The real threat to our security, so the theory goes, is not Muslim terrorist plots against us but our provocation of Muslims by conveying the misimpression that America is at war with Islam. Therefore, the key to security is “partnering” with the leadership in Muslim communities: Let them train the police, let them be our eyes and ears, and surely they’ll let us know if there is any cause for concern.
In fact, in 2010, a working group of Obama’s Homeland Security Advisory Council, whose recommendationsform the foundation of the administration’s new strategy, took a thinly veiled shot at the NYPD’s 2007 effort to study the phenomenon of Muslim radicalization. Current understanding of the “sociology of ‘radicalization’ and ‘extremism’ is still immature,” the president’s advisers pronounced. Therefore, they decreed, we must “delink” crime-reduction efforts from studies of radicalization — we must, that is, ignore the nexus between Islamist ideology and aggression by Muslims.
As we look across the Atlantic, we can see what happens when multi-culti governments convince themselves that security lies in abdicating sovereign responsibilities to a movement whose very goal is to split off from the sovereign. That this is done under the sweet-sounding guise of “partnering” with communities does not change the outcome. Good policing requires that hostile movements be understood as such. To be sure, keeping the peace counsels against antagonizing the movement’s adherents absent good cause. But it doesn’t mean “partnering” with them, and it cannot entail transferring law-enforcement chores to them. The police are a society’s manifestation of the determination to govern itself in accordance with its rule of law. They are there to protect and to serve, not to be passive observers of the society’s surrender.
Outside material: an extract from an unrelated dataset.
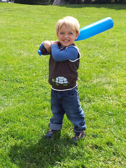 I did my best to teach Luke the basics-grip, stance, knees bent (courtesy of my Dad-that and “Whatever you do, don’t cry if you strike out.”) and eyes on the ball. My plan was to not mention this to Brian until he arrived at home and could see it, but one evening, during a Skype date, Luke started talking about it. When I couldn’t take the confusion anymore, I finally explained to my visibly disappointed husband, that I had unearthed the bat. After the initial shock was over, he asked Luke to show him. So Luke got his first real lesson through the magic of Skype. As I expected, on Brian’s first day off after arriving home, he bought Luke his first “real” bat (whiffle) and we went to the park. Luke pitched to both of us, we each pitched to him (he is still working on his grip), and then he played manager for a bit and directed us (“Go get that ball. Throw it. Hit it.”)

The Blind Sheikh preached from his incendiary pulpit. His followers used their mosques to convene, to plot attacks, and to store and transfer weapons. They exploited Islamic community centers to recruit for the jihad and to advertise paramilitary training sessions. They found sympathizers in the community who would not join in forcible conduct but who were supportive — morally, and sometimes materially. They were able to carry out attacks that required months of planning because people who might have helped the police stop them were afraid to speak up.
This menace has not gone away. What do you suppose gives us a fighting chance to protect ourselves: Ray Kelly’s NYPD or the Obama administration’s “Empowering Local Partners to Prevent Violent Extremism”? Do we really want to mess with ten years of success?